Because the 2013 federal election was the first attempt to join by the party, AfD had not received any federal funds in the run-up to it; by receiving 2 million votes, it crossed the threshold for party funding and was expected to receive an estimated 1.3 to 1.5 million euros per year of state subsidies. After joining the parliament with more than 90 representatives in the 2017 federal election, the party received more than 70 million euros per year; this probably rose to more than 100 million euros per year from 2019 onward. The party has also established and acknowledged a foundation for political education, and other purposes, close to the party but organized separately, which may be able to claim up to 80 million euros per year. This foundation would need to be acknowledged by the federal parliament in Germany first, but it has a legal claim to these subsidies.
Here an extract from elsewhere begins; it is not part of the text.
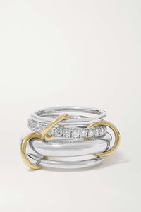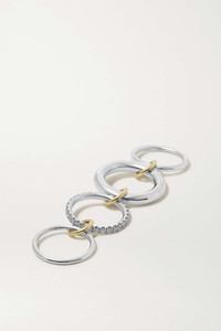 EDITORS'NOTES The different metals and colors in Spinelli Kilcollin's signature stacks are carefully chosen to look beautiful no matter how they're combined. Handmade in the brand's studio, this 'Luna' set includes four rings cast from sterling silver (and held together by 18-karat gold annulets), with white diamonds encrusting the center band. Pile them on one finger or spread them across your whole hand. SIZE & FIT - US sizing DETAILS & CARE - Round brilliant-cut VS diamonds, total weight: 1.20-carats - This piece is handmade and as such may have some small flecks or scratches - This piece has been certified in accordance with the Hallmarking Act 1973

In 2018 the Alternative for Germany donation scandal became public, as federal and European Parliament politicians Alice Weidel, Jörg Meuthen, Marcus Pretzell, and Guido Reil had profited from illegal and unnamed donations from non-EU countries. The acceptance of donations from non-EU countries is prohibited for German parties and politicians.

=== Young Alternative for Germany ===

Young Alternative for Germany (Junge Alternative für Deutschland, JA) was founded in 2013 as the youth organisation of AfD, while remaining legally independent from its mother party. In view of JA's independence, it has been regarded by some in AfD's hierarchy as being somewhat wayward, with JA repeatedly accused of being "too far-right", politically regressive and antifeminist by the German mainstream media.

In December 2024 the main party of the AfD announced its intention to cut ties with the JA in connection to its classification by the Federal Office for the Protection of the Constitution. AfD leadership are planning to found a new organisation as its youth wing. On 12 January 2025, AfD leadership voted to formally replace the JA as its youth organisation.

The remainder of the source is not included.